I can only instantiate one virtual machine because de VGPU instances are no available to virtual machine.

However, a card with SR-IOV support I can see several pci devices:

VERSION="6.4.0.1"
VM_MAD="kvm"

PCI DEVICES

   VM ADDR    TYPE           NAME                                              
      17:00.4 10de:20f1:0302 NVIDIA Corporation GA100 [A100 PCIe 40GB]
      17:00.5 10de:20f1:0302 NVIDIA Corporation GA100 [A100 PCIe 40GB]
      17:00.6 10de:20f1:0302 NVIDIA Corporation GA100 [A100 PCIe 40GB]
      17:00.7 10de:20f1:0302 NVIDIA Corporation GA100 [A100 PCIe 40GB]
...
/var/tmp/one/im/kvm-probes.d/host/system/pci.rb
PCI = [
 TYPE = "10de:20f1:0302" ,
 VENDOR = "10de" ,
 VENDOR_NAME = "NVIDIA Corporation" ,
 DEVICE = "20f1" ,
 CLASS = "0302" ,
 CLASS_NAME = "3D controller" ,
 ADDRESS = "0000:17:00:4" ,
 SHORT_ADDRESS = "17:00.4" ,
 DOMAIN = "0000" ,
 BUS = "17" ,
 SLOT = "00" ,
 FUNCTION = "4" ,
 NUMA_NODE = "0" ,
 UUID = "b8a460fd-2e3c-500f-bbbe-3436f451888f" ,
 DEVICE_NAME = "NVIDIA Corporation GA100 [A100 PCIe 40GB]" 
]
PCI = [
 TYPE = "10de:20f1:0302" ,
 VENDOR = "10de" ,
 VENDOR_NAME = "NVIDIA Corporation" ,
 DEVICE = "20f1" ,
 CLASS = "0302" ,
 CLASS_NAME = "3D controller" ,
 ADDRESS = "0000:17:00:5" ,
 SHORT_ADDRESS = "17:00.5" ,
 DOMAIN = "0000" ,
 BUS = "17" ,
 SLOT = "00" ,
 FUNCTION = "5" ,
 NUMA_NODE = "0" ,
 UUID = "a92340c3-7e7f-51d8-b31e-5ec3011cfbfc" ,
 DEVICE_NAME = "NVIDIA Corporation GA100 [A100 PCIe 40GB]" 
]
PCI = [
 TYPE = "10de:20f1:0302" ,
 VENDOR = "10de" ,
 VENDOR_NAME = "NVIDIA Corporation" ,
 DEVICE = "20f1" ,
 CLASS = "0302" ,
 CLASS_NAME = "3D controller" ,
 ADDRESS = "0000:17:00:6" ,
 SHORT_ADDRESS = "17:00.6" ,
 DOMAIN = "0000" ,
 BUS = "17" ,
 SLOT = "00" ,
 FUNCTION = "6" ,
 NUMA_NODE = "0" ,
 UUID = "616512b7-6632-55f2-8aee-f7e5c5ca07c8" ,
 DEVICE_NAME = "NVIDIA Corporation GA100 [A100 PCIe 40GB]" 
]
PCI = [
 TYPE = "10de:20f1:0302" ,
 VENDOR = "10de" ,
 VENDOR_NAME = "NVIDIA Corporation" ,
 DEVICE = "20f1" ,
 CLASS = "0302" ,
 CLASS_NAME = "3D controller" ,
 ADDRESS = "0000:17:00:7" ,
....

Thanks for your help

Looking through the pci.rb script, there are a couple places I guess this could be happening.

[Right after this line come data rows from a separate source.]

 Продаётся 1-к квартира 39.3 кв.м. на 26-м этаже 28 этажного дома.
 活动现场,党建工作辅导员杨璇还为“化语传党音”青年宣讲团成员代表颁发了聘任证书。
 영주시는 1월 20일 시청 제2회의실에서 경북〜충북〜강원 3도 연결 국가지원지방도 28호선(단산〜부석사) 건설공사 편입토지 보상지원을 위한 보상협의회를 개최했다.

The :filter: setting will default to 0:0 if it’s not defined so if you don’t have that defined then try setting it to *:* to grab all PCI devices to see. If you do have it defined, it may be worth it to try that filter out anyways, just so it’s not filtering. The devices should be listed in lspci though, or the pci.rb won’t detect them. It seems you’ve created them according to the nvidia documentation about Legacy VGPU creation, so it should be OK. I unfortunately don’t a GPU handy which has vGPU capabilities but without SR-IOV to test this further.

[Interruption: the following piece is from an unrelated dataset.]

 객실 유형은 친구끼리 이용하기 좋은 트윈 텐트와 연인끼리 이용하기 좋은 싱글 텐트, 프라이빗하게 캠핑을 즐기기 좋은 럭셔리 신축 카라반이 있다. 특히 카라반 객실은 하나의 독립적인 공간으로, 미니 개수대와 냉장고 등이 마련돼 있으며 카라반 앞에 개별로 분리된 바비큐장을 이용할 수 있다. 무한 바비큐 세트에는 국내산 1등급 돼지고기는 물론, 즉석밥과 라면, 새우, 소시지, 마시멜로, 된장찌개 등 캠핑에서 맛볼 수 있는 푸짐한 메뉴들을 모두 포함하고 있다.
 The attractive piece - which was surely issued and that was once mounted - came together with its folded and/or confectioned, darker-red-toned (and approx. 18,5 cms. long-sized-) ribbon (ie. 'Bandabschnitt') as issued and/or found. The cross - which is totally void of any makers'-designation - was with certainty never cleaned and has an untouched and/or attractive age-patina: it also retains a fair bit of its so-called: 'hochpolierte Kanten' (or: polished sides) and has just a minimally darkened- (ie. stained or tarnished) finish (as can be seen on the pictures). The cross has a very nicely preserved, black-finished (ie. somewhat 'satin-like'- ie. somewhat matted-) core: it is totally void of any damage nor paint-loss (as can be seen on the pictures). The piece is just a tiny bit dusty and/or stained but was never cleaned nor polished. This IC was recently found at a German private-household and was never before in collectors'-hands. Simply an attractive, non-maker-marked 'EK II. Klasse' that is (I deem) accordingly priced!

While I don’t think it’s the issue, you could try removing the :device_name: values, so that it’s not filtering out by the names at all. I assume you also don’t have the :short_address: defined which is another place it could filter.

Another thing to check, although it doesn’t appear to be making it this far, is the virtfn existing for the device. If you look in /sys/bus/pci/devices/<addr>/, if there is a virtfn entry, then it will skip that device. If that’s the case, then you can try modifying the pci probe and comment out these two lines, if that does fix it then we’ll have to look into this issue a bit further.

Also, thank you for your patience while I could make time to do some research for this.